-- Instructions for the task --
In the copy, include no images, and repeat each entry precisely as written.

-- Excerpted data --
= = =
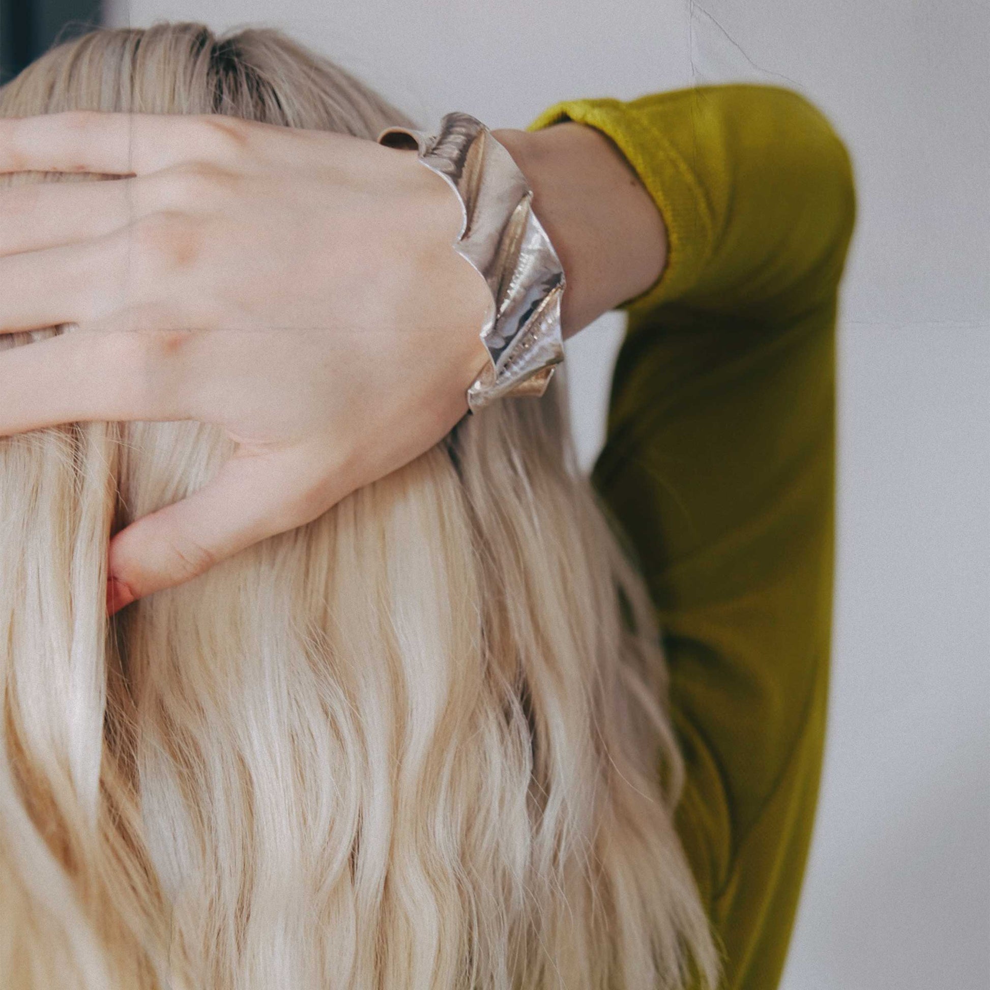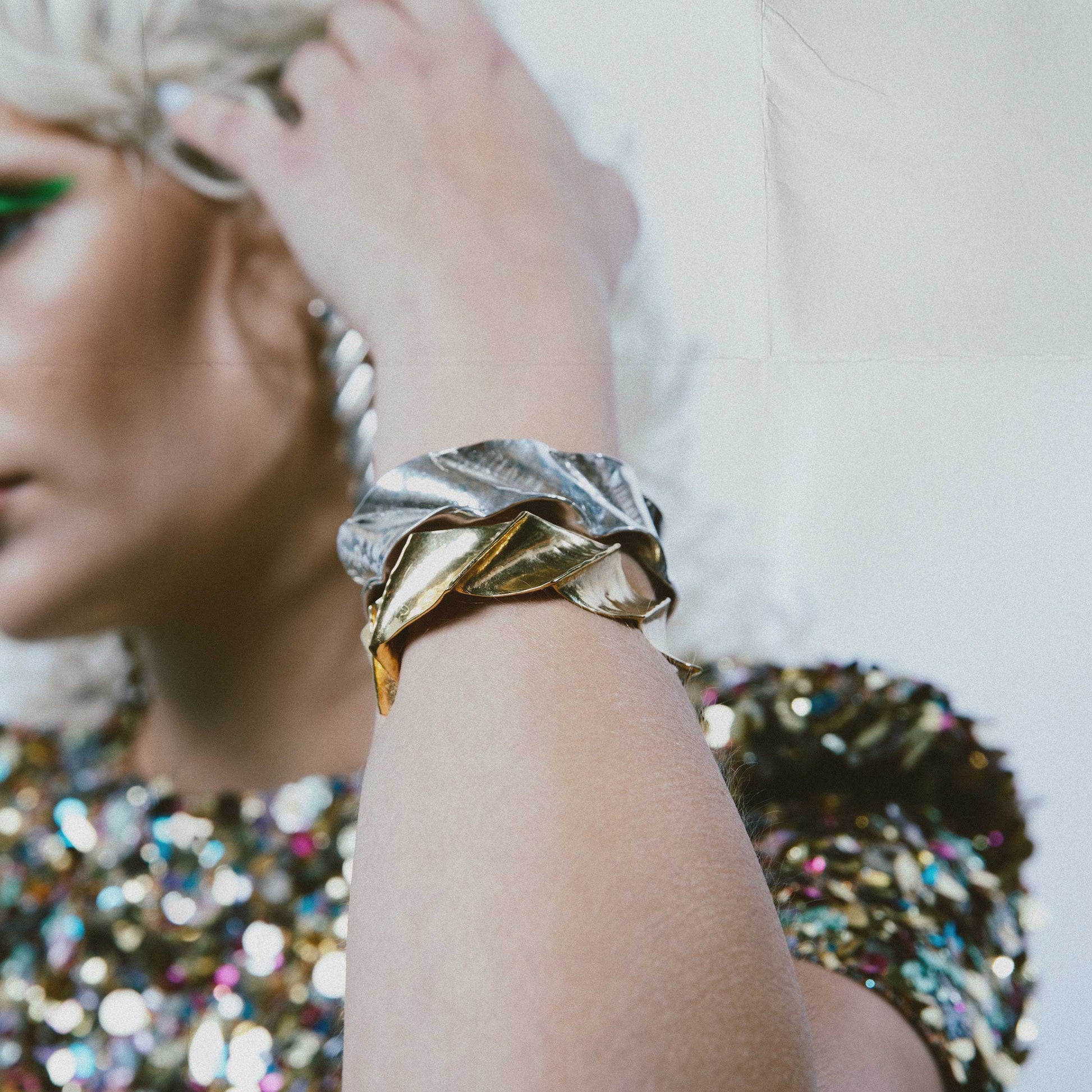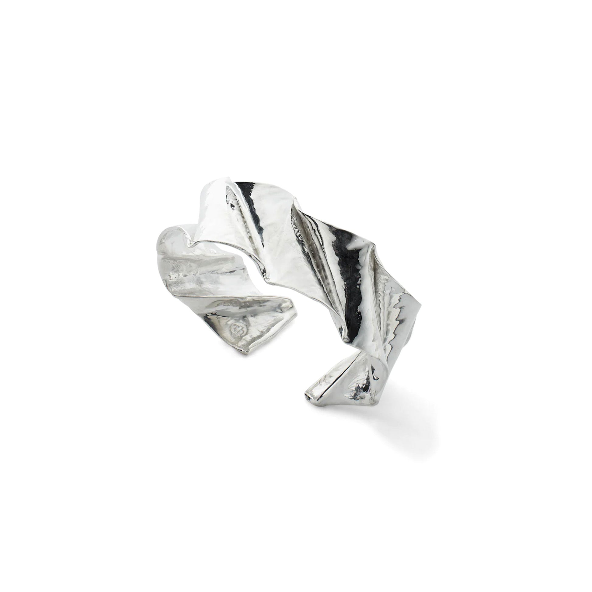 This statement bracelet is made of sterling silver and uses fold form technique. Can be worn alone or layered for a bold look.
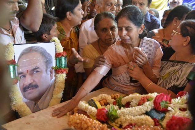 Family members brought the body from the Bangalore International Airport to their house in Hejjala around 12.30 p.m. A pall of gloom settled over the house where a large number of relatives, friends and business colleagues had gathered. Family members said that the body would later be taken to the Banashankari crematorium.
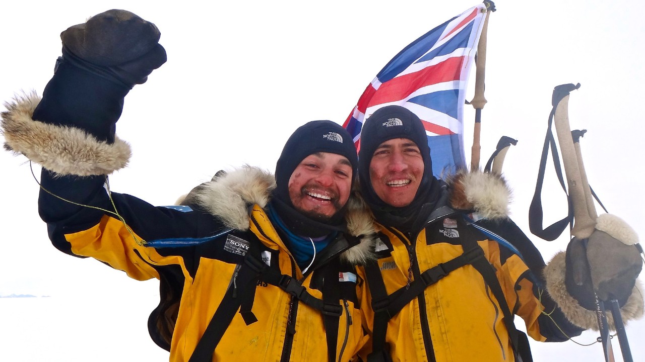 James Castrission and his expedition partner Justin Jones at the end of their world record-breaking unsupported expedition from Antarctica to the South Pole and back.
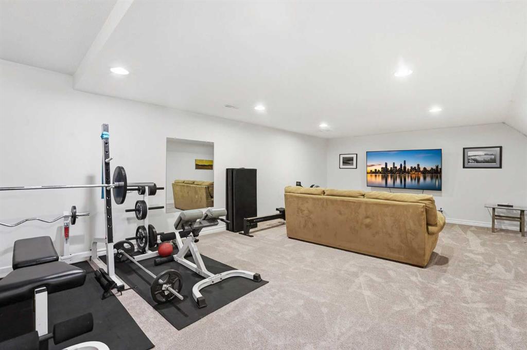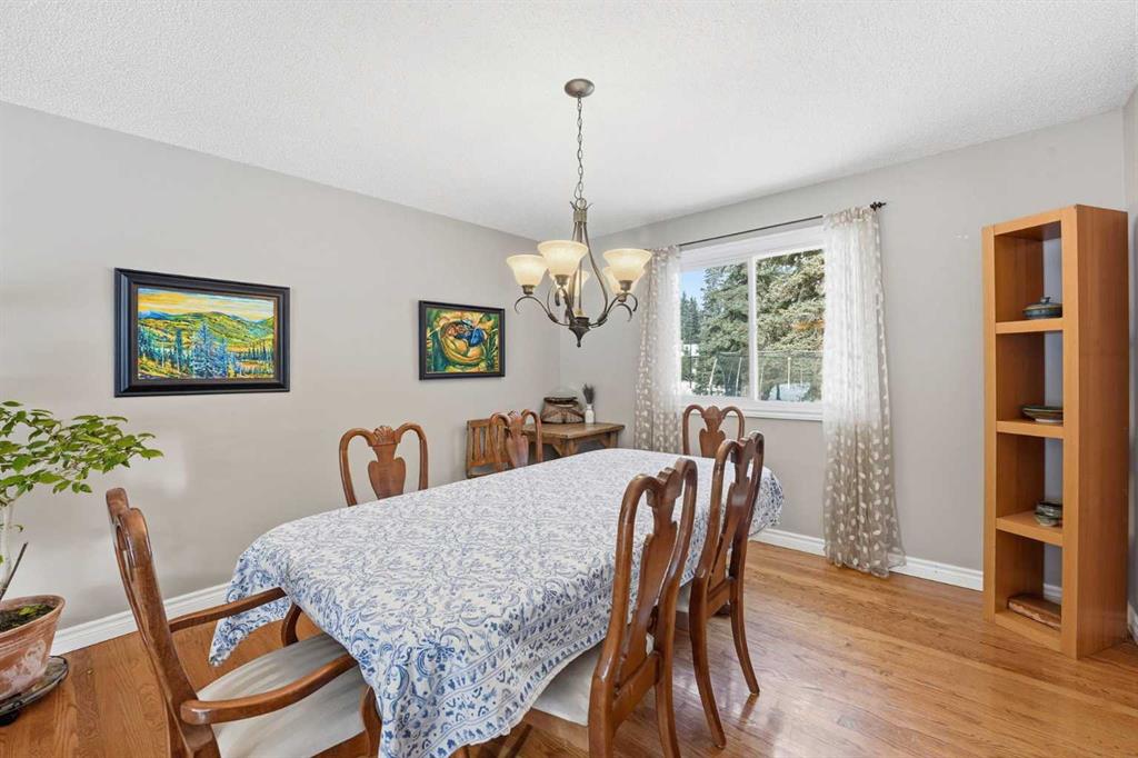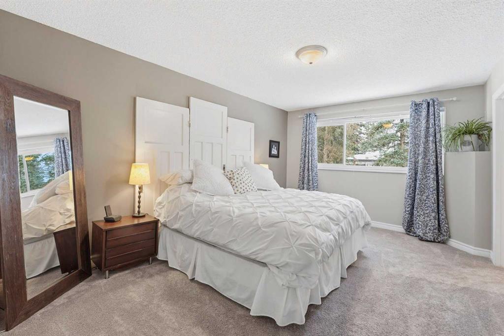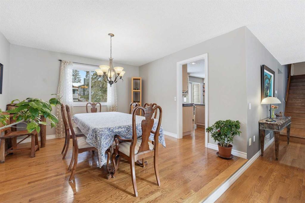 Welcome to a beautifully cared for family home nestled among the towering evergreens of Redwood Meadows where nature, space, and community come together. This inviting 2-storey residence offers over 2,500 sq ft above grade plus a fully finished basement, providing over 3,300 sq ft of developed living space on a nearly 16,150 sq ft lot. Warm and welcoming from the moment you arrive, the home features a new custom Oak front entry door and new garage door, leading inside to a thoughtfully designed layout with hardwood flooring and newer, luxuriously soft carpeting throughout. The main level offers exceptional versatility, highlighted by a sunken great room with a gas fireplace, an additional living room with a wood-burning fireplace, formal dining space, and a bright kitchen overlooking the private treed yard.
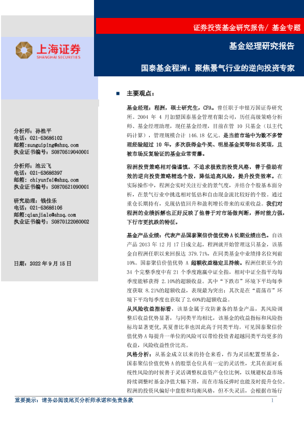 【上海证券】【20220915】基金经理分析报告:国泰基金程洲,聚焦景气行业的逆向投资专家-20页
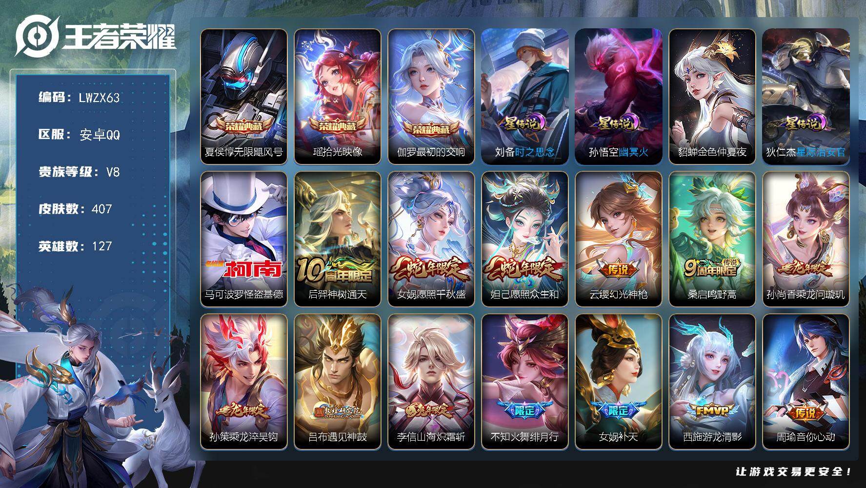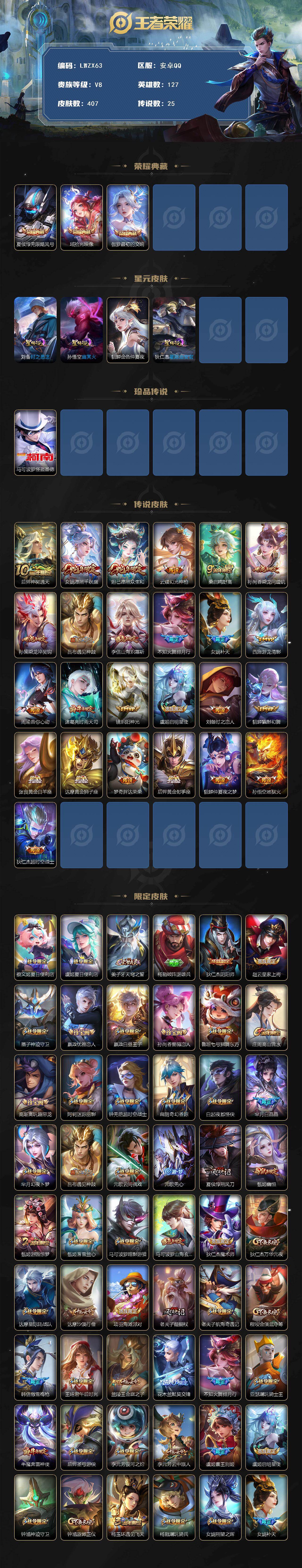 [15541432]可二次【特价出售/店主推荐】安卓Q-V8-最强王者段位-127英雄-407皮肤-3典藏皮肤-1珍品传说-25传说-126史诗-4星元
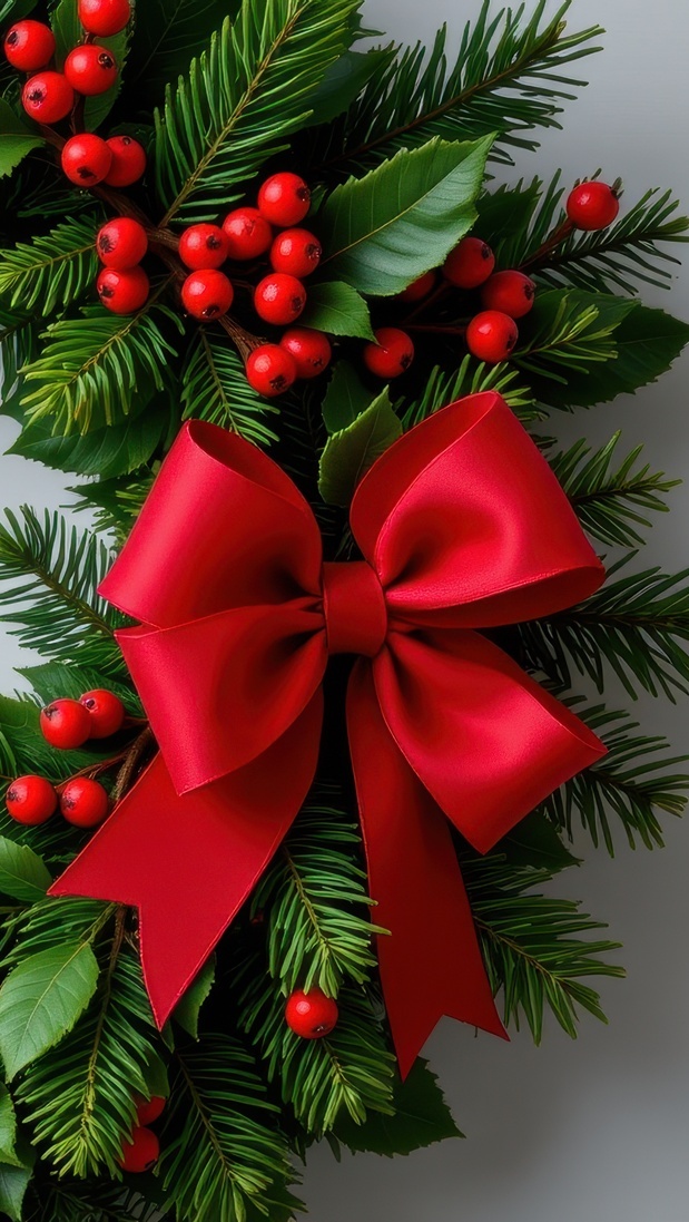 Edytor tapety: Czerwona kokarda i jagody na wieńcu
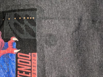 There are greasy sticky stains on the collar and under the Metroid image. It's not hard to see the stains, I'm not sure why this was shipped out.
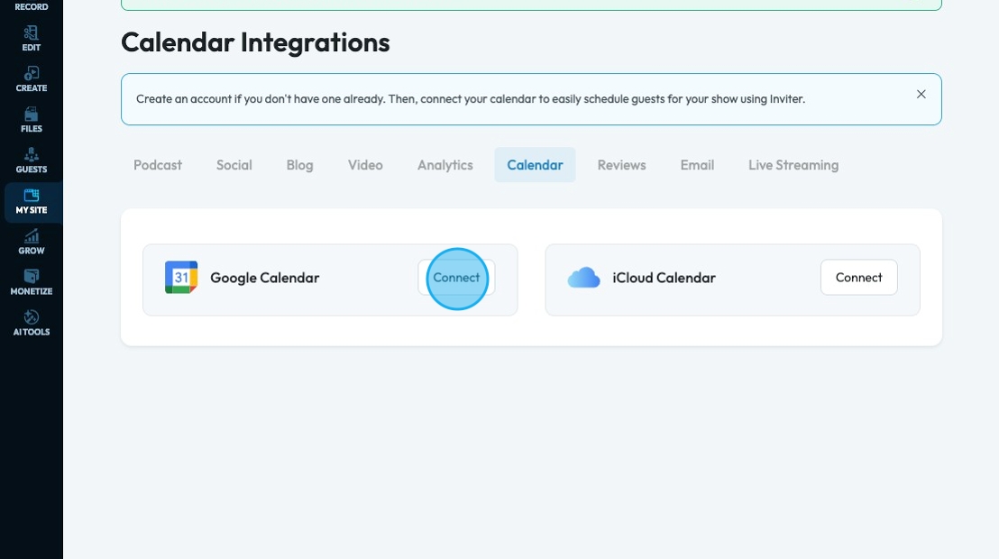 Connecting your calendar means that things you input in your PodUp calendar like a scheduled recording will be put in your Google or iCloud calendar
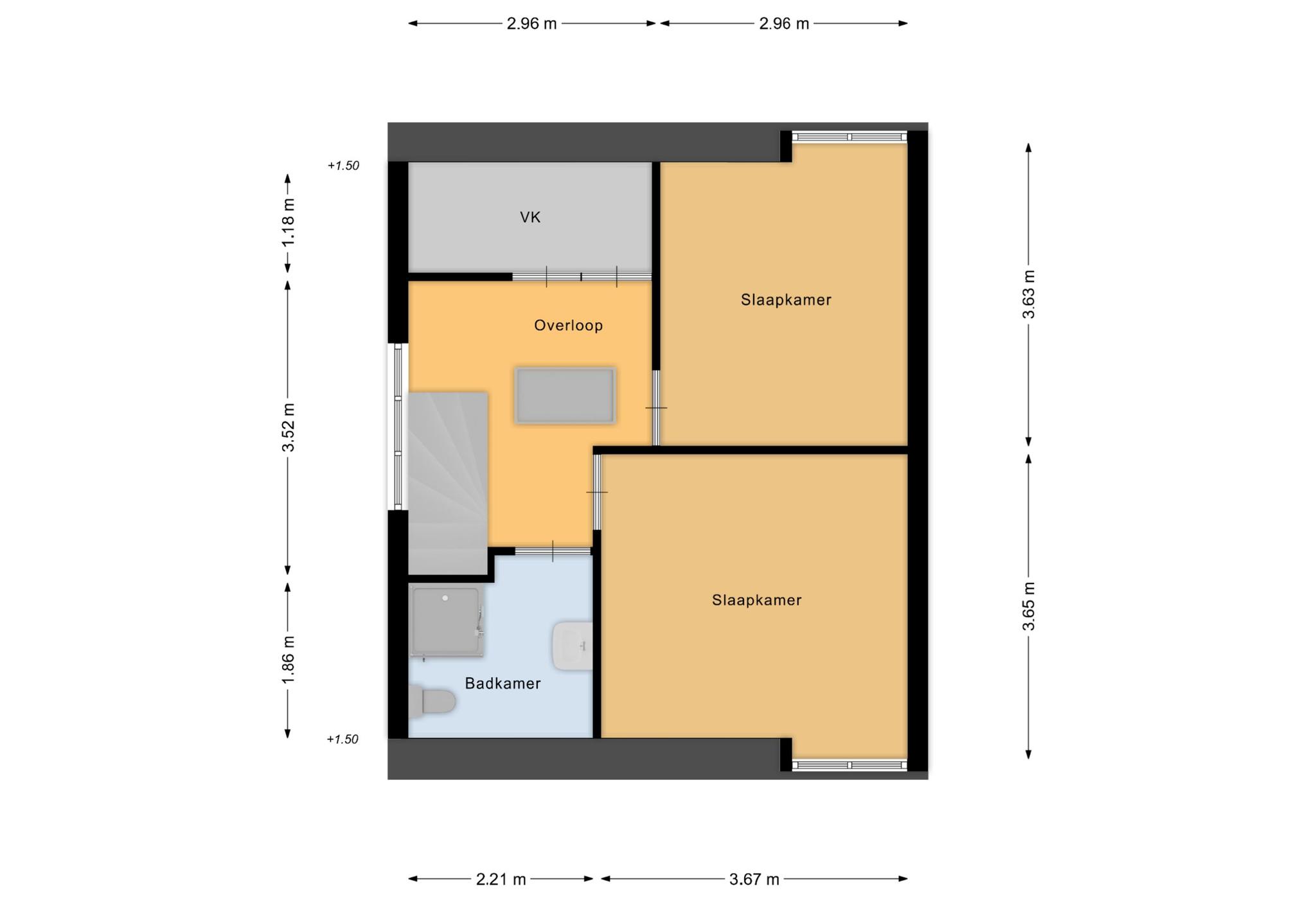 De tweede verdieping is bereikbaar via de vlizotrap. Hier vindt u de mechanische ventilatiebox en toegang tot de slaapkamer op deze verdieping. Deze kamer is voorzien van een dakraam, waardoor er volop natuurlijk daglicht binnenkomt.
= = =
-- Finished exercise --
 This statement bracelet is made of sterling silver and uses fold form technique. Can be worn alone or layered for a bold look.
 Family members brought the body from the Bangalore International Airport to their house in Hejjala around 12.30 p.m. A pall of gloom settled over the house where a large number of relatives, friends and business colleagues had gathered. Family members said that the body would later be taken to the Banashankari crematorium.
 James Castrission and his expedition partner Justin Jones at the end of their world record-breaking unsupported expedition from Antarctica to the South Pole and back.
 Welcome to a beautifully cared for family home nestled among the towering evergreens of Redwood Meadows where nature, space, and community come together. This inviting 2-storey residence offers over 2,500 sq ft above grade plus a fully finished basement, providing over 3,300 sq ft of developed living space on a nearly 16,150 sq ft lot. Warm and welcoming from the moment you arrive, the home features a new custom Oak front entry door and new garage door, leading inside to a thoughtfully designed layout with hardwood flooring and newer, luxuriously soft carpeting throughout. The main level offers exceptional versatility, highlighted by a sunken great room with a gas fireplace, an additional living room with a wood-burning fireplace, formal dining space, and a bright kitchen overlooking the private treed yard.
 【上海证券】【20220915】基金经理分析报告:国泰基金程洲,聚焦景气行业的逆向投资专家-20页
 [15541432]可二次【特价出售/店主推荐】安卓Q-V8-最强王者段位-127英雄-407皮肤-3典藏皮肤-1珍品传说-25传说-126史诗-4星元
 Edytor tapety: Czerwona kokarda i jagody na wieńcu
 There are greasy sticky stains on the collar and under the Metroid image. It's not hard to see the stains, I'm not sure why this was shipped out.
 Connecting your calendar means that things you input in your PodUp calendar like a scheduled recording will be put in your Google or iCloud calendar
 De tweede verdieping is bereikbaar via de vlizotrap. Hier vindt u de mechanische ventilatiebox en toegang tot de slaapkamer op deze verdieping. Deze kamer is voorzien van een dakraam, waardoor er volop natuurlijk daglicht binnenkomt.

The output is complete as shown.